Monday, October 15, 2007

This Country is Ridiculous but Sort of Interesting

On Saturday sometime after 3:00, when I was at the Cafe Fiesta posting my previous post, actually, one of the 3-muscateer math majors from the hiking club called me and said if I wanted to go to Skazka (the cabin where the club often camps, and which is, incidentally, owned by one of our guides on our group trip to Buryatia), I should meet him at the fountain at 5:00. This was highly inconvenient in many ways: I had to sprint about the city and anxiously wait for irregular marshrutkas to get home, pack (in a plastic bag, as I have no backpack- I picked one up from the club in Shelekov, the town where they meet), and get back downtown; I had long looked forward to shopping for boots with Natasha and her host mother on Sunday; who the heck leaves for a camping trip at 5:00 pm?; my host mother had told me she would take me to a concert Sunday night, and I am sorry to miss any of the time members of my host family are not at work; and, I had no time to fill out a travel form for Elizabeth, which I think we’re supposed to do two days ahead of time every time we leave the city. Despite all these things, I feel like I have to spend time with this hiking club whenever I have an opportunity - it’s my only chance to hear conversational, informal Russian spoken for long periods of time. Plus I want to see more of Siberia than the no. 4 marshrutka. So I SMSed (how I now say “text message,” since I’m so hip and European) Elizabeth, who very nicely was merely disapproving rather than actually forbidding me to go, sprinted about, and met Max and one of the Alyosha’s at the fountain.
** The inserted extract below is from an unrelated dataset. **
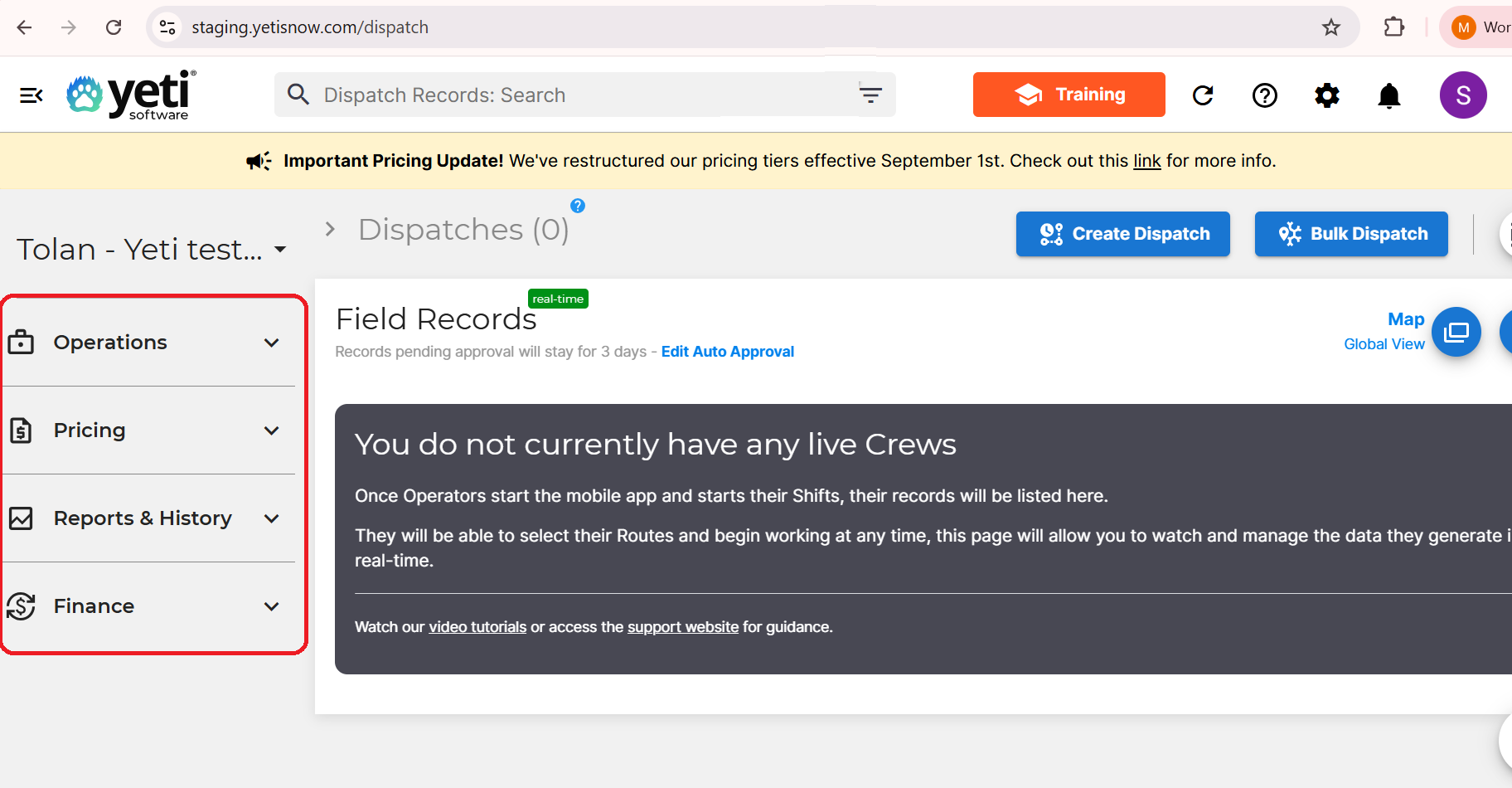If you are running into any issues with the navigation bar please reach out to support@yetisoftware.com.
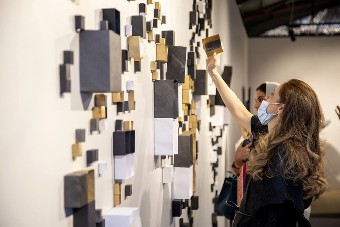 Saudi artist Ahaad Al Alamoudi displays her artwork at the exhibition.

It was an interesting trip. We didn’t even get on the electirchka out of Shelekov until after 9:30 - first we sat in a middle school art room- or something, I actually have no idea where we were- in Shelekov for a long time and watched a conference about a trip the club had made to the Far East (I don’t know how to translate this into English, actually- it doesn’t mean China and Japan, it means the very eastern part of Russian, where hardly anyone lives) in the summer. The schoolkids who went gave presentations, which were judged, and lots of people gave out lots of certificates and flowers and things. Anyway, the hike to Skazka in the dark was sort of amazing. Only half the group had flashlights, and the trail is very rocky has a lot of fallen trees and rivers across it and sometimes just unexpectedly falls away completely; so the way was fraught with danger and adventure. It was rather exhausting- think of how mental tiring driving on unknown country roads in the dark is, and then add to that the actual physical exhaustion of hiking, plus the fact that living in Russian is fairly tiring anyway, so by midnight I am not especially functional. There was no moon, but it was a clear night and the stars were beautiful. We didn’t actually see them very often, because we were staring intently at the ground trying to see around our own shadows to any rocks and roots and trees the flashlight of the person behind us might be illuminating; every once in a while though, when we stopped, the view really was a amazing, through the tall pines. The best was on top of hills, when the stars shone not only above the trees but among the trunks, out in all directions. We stopped for a few minutes to eat piroshki on one such hill, all squatting in a circle in the road.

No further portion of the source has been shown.